RECORDED INFORMATION:
_ _ _ _ _ _ _
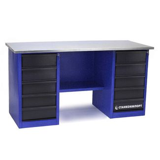- Стол для слесарных работ 1600 мм 2 тумбы с 5- ю ящиками без экрана по выгодной цене 36 990 р. руб.;
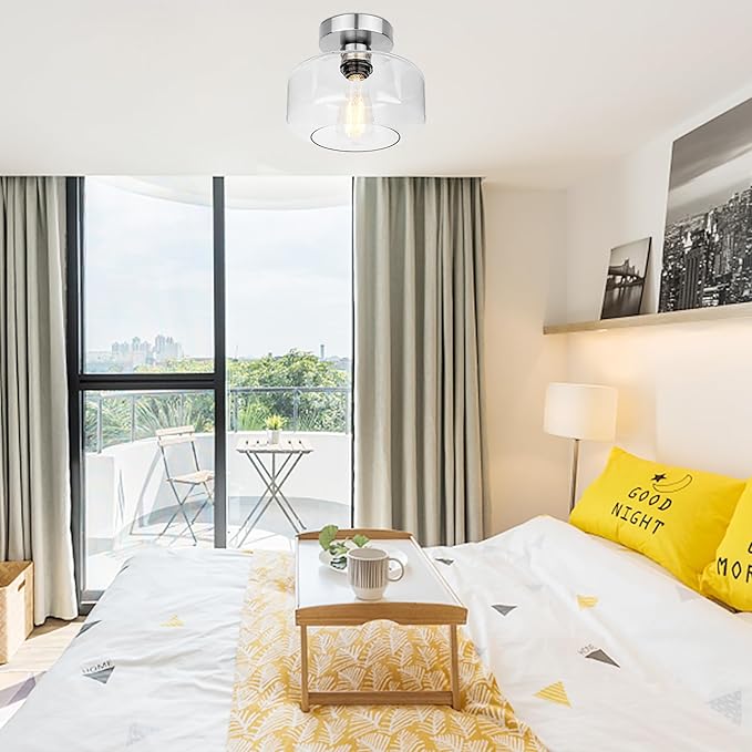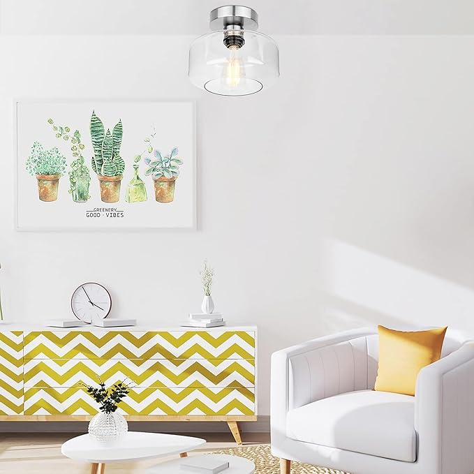 - Semi Flush mount Design& Vintage Style--- This ceiling light is perfect for vintage farmhouse and industrial decors. A silver base complements the clear glass and heightens the classic industrial look of this ceiling light, the clear glass casts a nice shadow on the ceiling, creating a romantic atmosphere in your home.
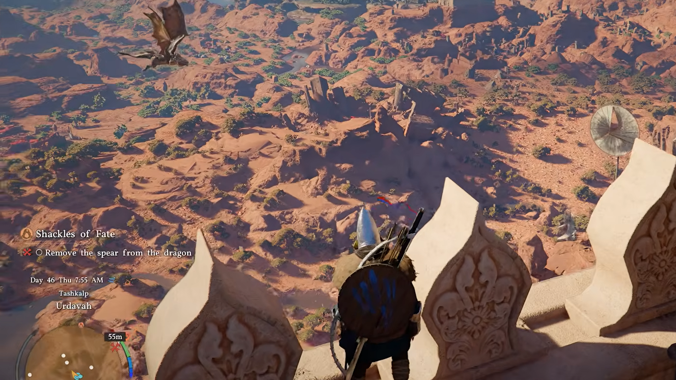 The Shackles of Fate quest in Crimson Desert's Chapter 9 tasks you with freeing the guardian deity of Urdavah — a dragon impaled by three spears — by physically mounting it mid-flight and ripping the spears out. The whole sequence is split into three distinct phases: catching the dragon, surviving on its back, and using Focused Force Palm to purify the taint. Each phase has its own controls and failure points, and the game does a poor job of explaining them clearly.
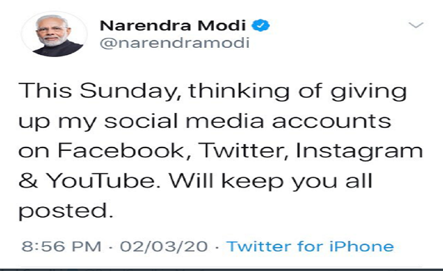 एजेन्सी– भारतीय प्रधानमन्त्री नरेन्द्र मोदीले सामाजिक सञ्जाल त्याग्ने निर्णय गरेसँगै भारतीय मिडियामा यसबारे बहस चलेको छ। मोदीले आउँदो आइतबारबाट सामाजिक सञ्जाल त्याग्ने बताएसँगै उनीबारे विभिन्न टिकाटिप्पणी हुन थालेको छ। मोदीले आइतबार साँझ ट्वीटमार्फत् सामाजिक सञ्जालको एकाउन्ट त्याग्ने जानकारी गराएका थिए।
_ _ _ _ _ _ _
TASK:
Nothing but the text is wanted: repeat the data above exactly, without its images.

RESPONSE TO THE EXERCISE:
- Стол для слесарных работ 1600 мм 2 тумбы с 5- ю ящиками без экрана по выгодной цене 36 990 р. руб.;
 - Semi Flush mount Design& Vintage Style--- This ceiling light is perfect for vintage farmhouse and industrial decors. A silver base complements the clear glass and heightens the classic industrial look of this ceiling light, the clear glass casts a nice shadow on the ceiling, creating a romantic atmosphere in your home.
 The Shackles of Fate quest in Crimson Desert's Chapter 9 tasks you with freeing the guardian deity of Urdavah — a dragon impaled by three spears — by physically mounting it mid-flight and ripping the spears out. The whole sequence is split into three distinct phases: catching the dragon, surviving on its back, and using Focused Force Palm to purify the taint. Each phase has its own controls and failure points, and the game does a poor job of explaining them clearly.
 एजेन्सी– भारतीय प्रधानमन्त्री नरेन्द्र मोदीले सामाजिक सञ्जाल त्याग्ने निर्णय गरेसँगै भारतीय मिडियामा यसबारे बहस चलेको छ। मोदीले आउँदो आइतबारबाट सामाजिक सञ्जाल त्याग्ने बताएसँगै उनीबारे विभिन्न टिकाटिप्पणी हुन थालेको छ। मोदीले आइतबार साँझ ट्वीटमार्फत् सामाजिक सञ्जालको एकाउन्ट त्याग्ने जानकारी गराएका थिए।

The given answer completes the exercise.